Monday, April 17, 2006


Before I begin, allow me to elaborate on the source of my anger. On a Catholic dating site I belong to, there's a columnist named Mary Beth Bonacci. She posts on the Catholic single life and other such topics. Her most recent article has to do with "The Masculine Gift." You may need to register to read the whole thing, but I suggest you do try to read it.

I've never been the most "macho" guy in the world. In grade school, I was the one being hit, not the one doing the hitting. Not really athletic (save for a stint in middle school running sprints and middle distances) or anything like that. But masculinity and I have never really run together. Now, after years of having it drilled in my head that I shouldn't be an oaf, now comes advice that maybe that's what I should have been going for the whole time.

But one passage really got to me. From the article:
"Let me say that, as a woman, I have no objection to a man being 'in touch with his feelings.' I think it’s nice, in fact. But given a choice between a man who is in touch with his feelings, and a man who can confidently throw a punch when the situation calls for it, I’ll take the guy who can throw a punch any day."

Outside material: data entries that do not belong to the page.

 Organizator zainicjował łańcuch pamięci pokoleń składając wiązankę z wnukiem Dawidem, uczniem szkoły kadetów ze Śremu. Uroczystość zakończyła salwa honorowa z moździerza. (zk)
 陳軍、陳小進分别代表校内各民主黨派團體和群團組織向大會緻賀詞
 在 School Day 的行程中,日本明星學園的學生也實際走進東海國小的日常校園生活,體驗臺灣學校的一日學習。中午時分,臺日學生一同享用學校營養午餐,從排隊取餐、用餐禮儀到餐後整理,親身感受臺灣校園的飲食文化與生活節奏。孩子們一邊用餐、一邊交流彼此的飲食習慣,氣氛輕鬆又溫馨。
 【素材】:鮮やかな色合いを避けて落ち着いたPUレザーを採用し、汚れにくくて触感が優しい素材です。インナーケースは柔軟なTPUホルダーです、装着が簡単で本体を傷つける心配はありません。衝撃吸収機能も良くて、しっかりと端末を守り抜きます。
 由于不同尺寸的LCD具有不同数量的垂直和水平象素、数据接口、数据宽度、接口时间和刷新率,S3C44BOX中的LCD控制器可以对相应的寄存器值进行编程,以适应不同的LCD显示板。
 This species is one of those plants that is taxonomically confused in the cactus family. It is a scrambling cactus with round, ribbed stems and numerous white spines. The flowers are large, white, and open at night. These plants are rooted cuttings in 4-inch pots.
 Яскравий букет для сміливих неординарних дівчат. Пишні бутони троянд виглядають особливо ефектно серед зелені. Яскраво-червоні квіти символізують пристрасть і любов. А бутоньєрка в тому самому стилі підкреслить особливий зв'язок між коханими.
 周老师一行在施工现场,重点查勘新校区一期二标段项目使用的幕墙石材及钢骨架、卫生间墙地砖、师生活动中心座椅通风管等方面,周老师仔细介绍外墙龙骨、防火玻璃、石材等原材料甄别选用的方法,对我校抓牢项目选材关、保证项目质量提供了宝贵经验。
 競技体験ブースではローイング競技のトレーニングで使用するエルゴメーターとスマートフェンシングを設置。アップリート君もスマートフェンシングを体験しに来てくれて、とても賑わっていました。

Great. Not only do I avoid conflict at all costs, but if I were to throw a punch, one of two things would happen. Either I would miss, or connect with the force of a wet noodle, and end up getting decked myself.

So I guess this means less Coldplay and more AC/DC. Less TLC, more Spike. Less GQ, more Maxim. (Okay, so maybe it's not ALL bad...)

Back in 2003, I thought my status in the dating world was pretty bad. Now, I find it's even worse.


  • Wow.

    Normally, I'd be right behind Bonacci all the way (She's the one who wrote "Real Love", a book I believe I once urged you to read...). I have often been the one to cheer her on.

    But in this regard, I totally don't agree with her, and I don't think you give yourself enough credit.

    Being "Masculine" or "macho" does not at all mean being able to throw a punch. And being "in touch with your feelings" isn't mutally exclusive from being able to hold your own in a fight. I know several really sensitive guys who are great fathers, husbands, boyfriends, who, if ever they found themselves backed into a corner, could fight their way out of it and not break a sweat (they study Shao Lin Kung Fu)... Bonacci is taking a really narrow-minded view of things, and I pity her if she thinks there are only two kinds of men in the world.

    As for you and your level of "macho-ness": Think about it, Greg - you belong to a fraternity. You're crazy-insane about football. You play the drums. You persue your passions full-throttle.

    I've never, ever considered you to be un-manly or un-masculine. Your confidence in your ability to throw a punch is really a non-issue. It would just take some training, if ever you decided to go that way.

    Be that as it may, fist fights are the easy way out. It takes a real man to be able to diffuse a situation with words or by walking away. Animals beat each other up. Men allow each other to have their differences and respect each other, and walk away, unbloodied and intact.

    Trust me - this isn't something you should seriously try to change about yourself, and if it *is* something you wish to amend, be sure you're doing it for the right reasons - for spiritual and emotional health - for the improvement of spirit and mind... not because Bonacci thinks it's fruity to be in touch with your feelings.